Exercise materials Start Marker

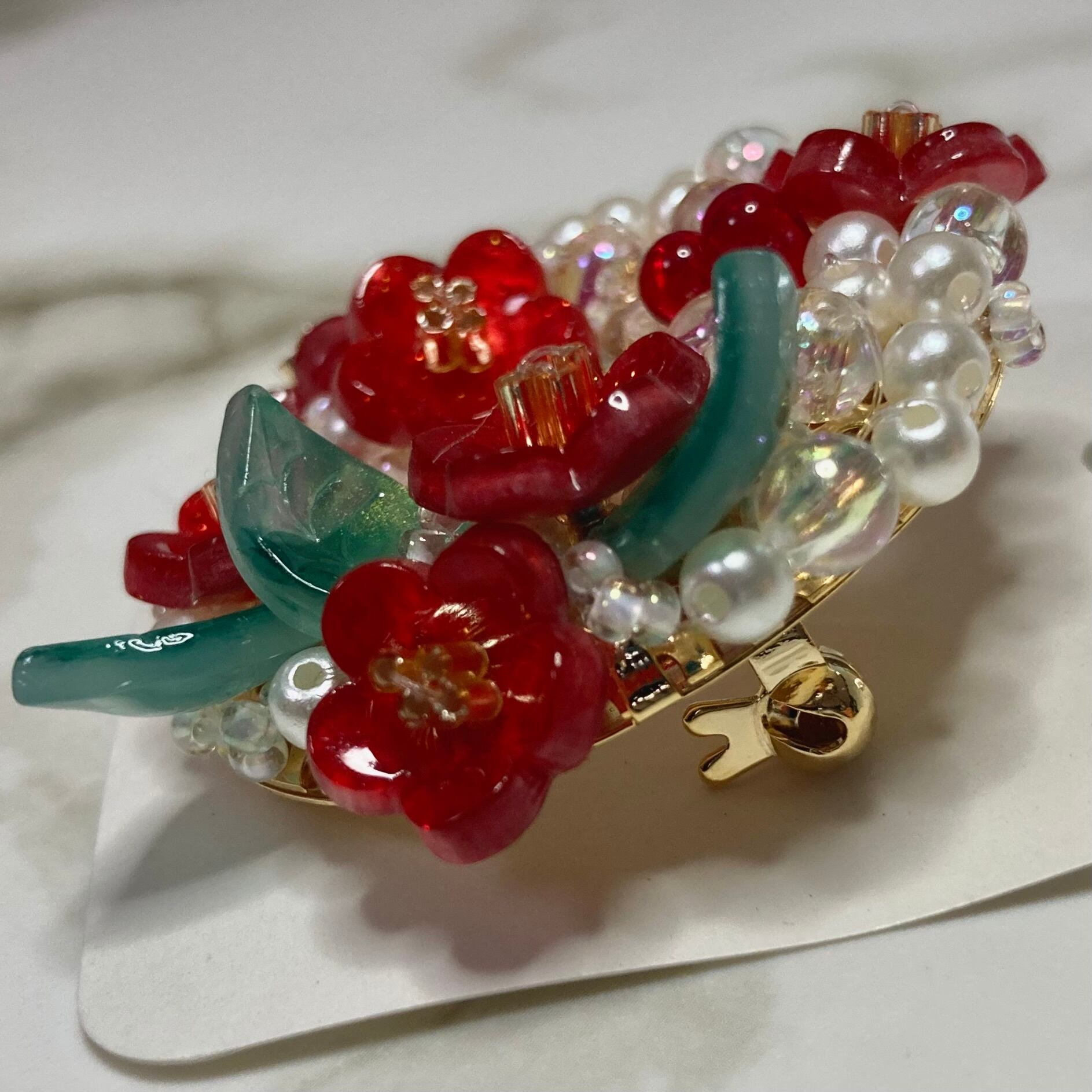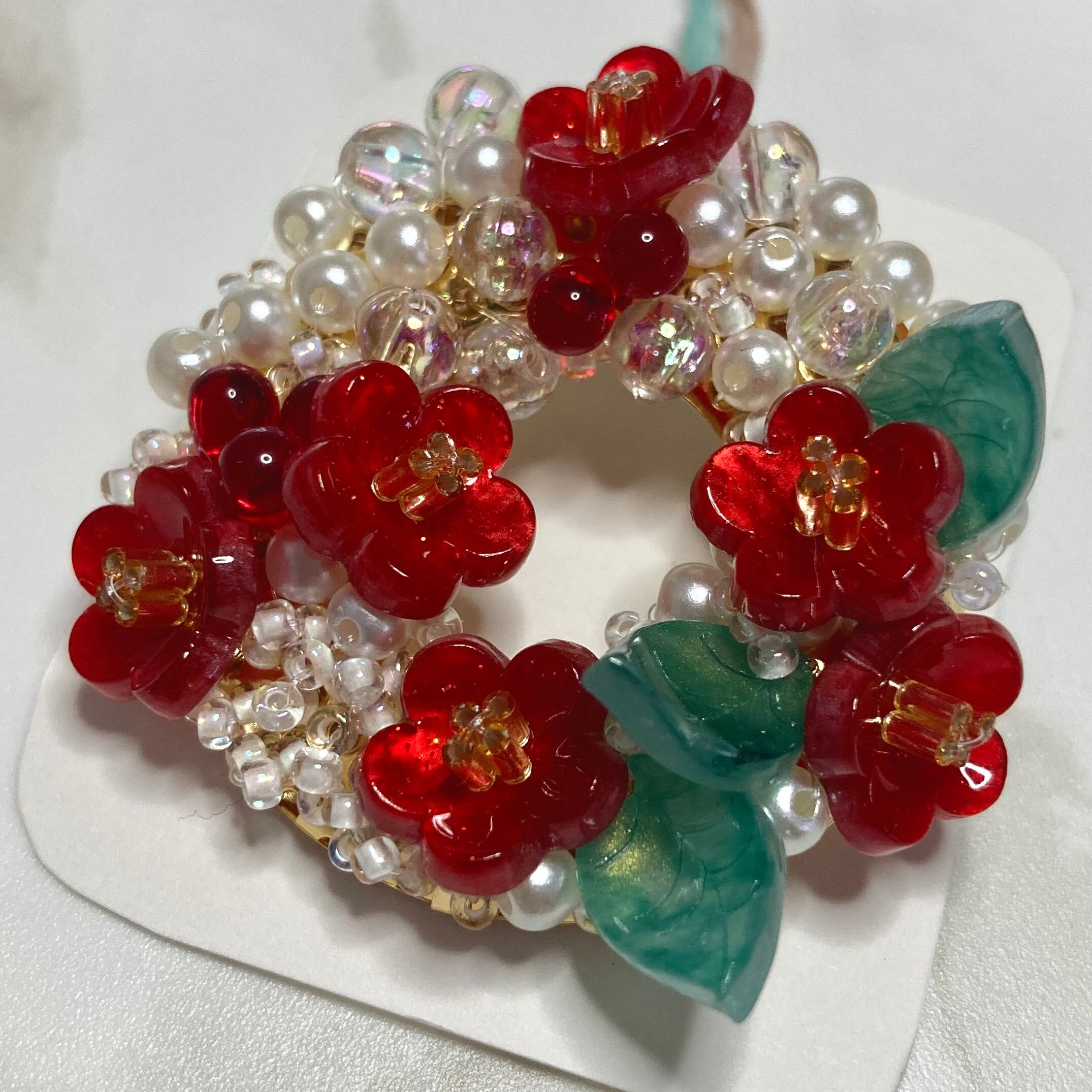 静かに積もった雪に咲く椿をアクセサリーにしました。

Exercise materials End Marker
Exercise materials Start Marker

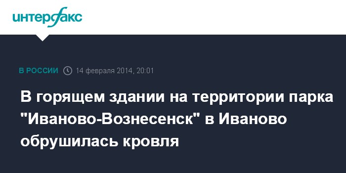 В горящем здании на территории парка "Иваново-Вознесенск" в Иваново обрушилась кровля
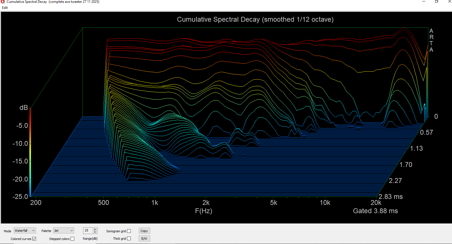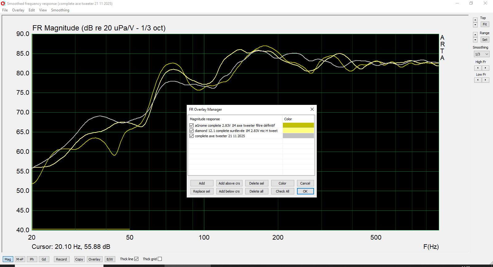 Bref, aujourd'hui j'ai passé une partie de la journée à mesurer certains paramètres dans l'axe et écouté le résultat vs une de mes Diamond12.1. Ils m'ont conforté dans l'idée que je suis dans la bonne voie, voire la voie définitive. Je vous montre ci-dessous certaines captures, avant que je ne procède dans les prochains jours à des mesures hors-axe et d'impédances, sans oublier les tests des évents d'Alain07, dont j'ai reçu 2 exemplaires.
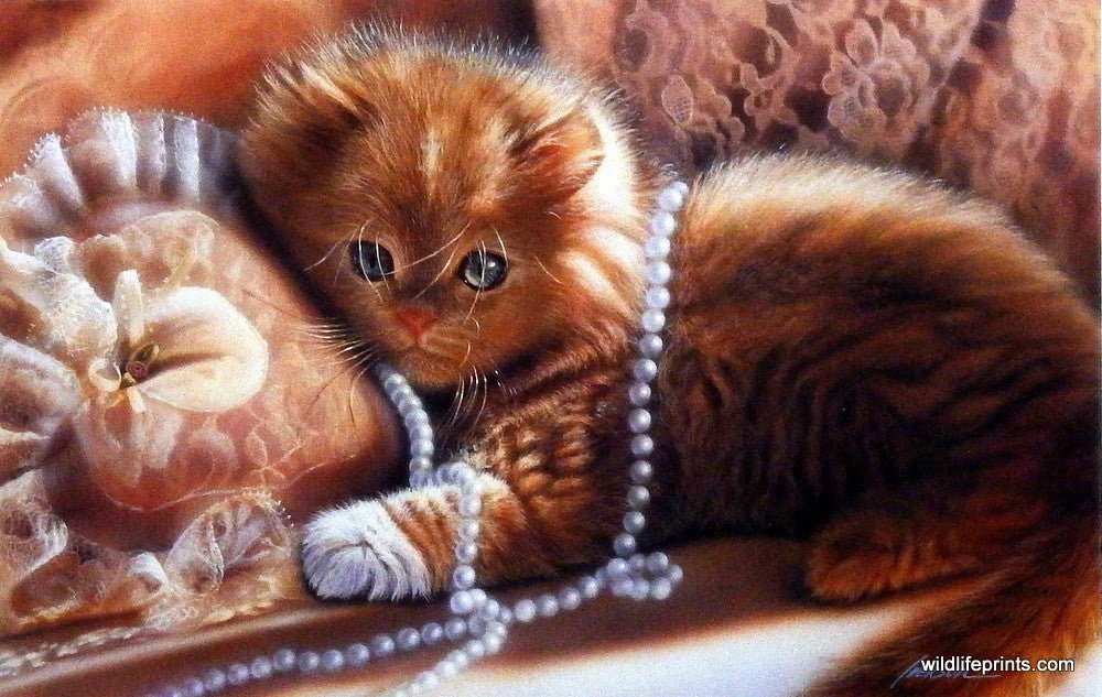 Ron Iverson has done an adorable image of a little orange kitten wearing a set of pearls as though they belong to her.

Exercise materials End Marker

Exactly as written above, retype the lines starting at the one holding "Bref, aujourd'hui j'ai" and ending at the one holding "Ron Iverson has", both included, but not the pictures.

▶ [Solution]:
 Bref, aujourd'hui j'ai passé une partie de la journée à mesurer certains paramètres dans l'axe et écouté le résultat vs une de mes Diamond12.1. Ils m'ont conforté dans l'idée que je suis dans la bonne voie, voire la voie définitive. Je vous montre ci-dessous certaines captures, avant que je ne procède dans les prochains jours à des mesures hors-axe et d'impédances, sans oublier les tests des évents d'Alain07, dont j'ai reçu 2 exemplaires.
 Ron Iverson has done an adorable image of a little orange kitten wearing a set of pearls as though they belong to her.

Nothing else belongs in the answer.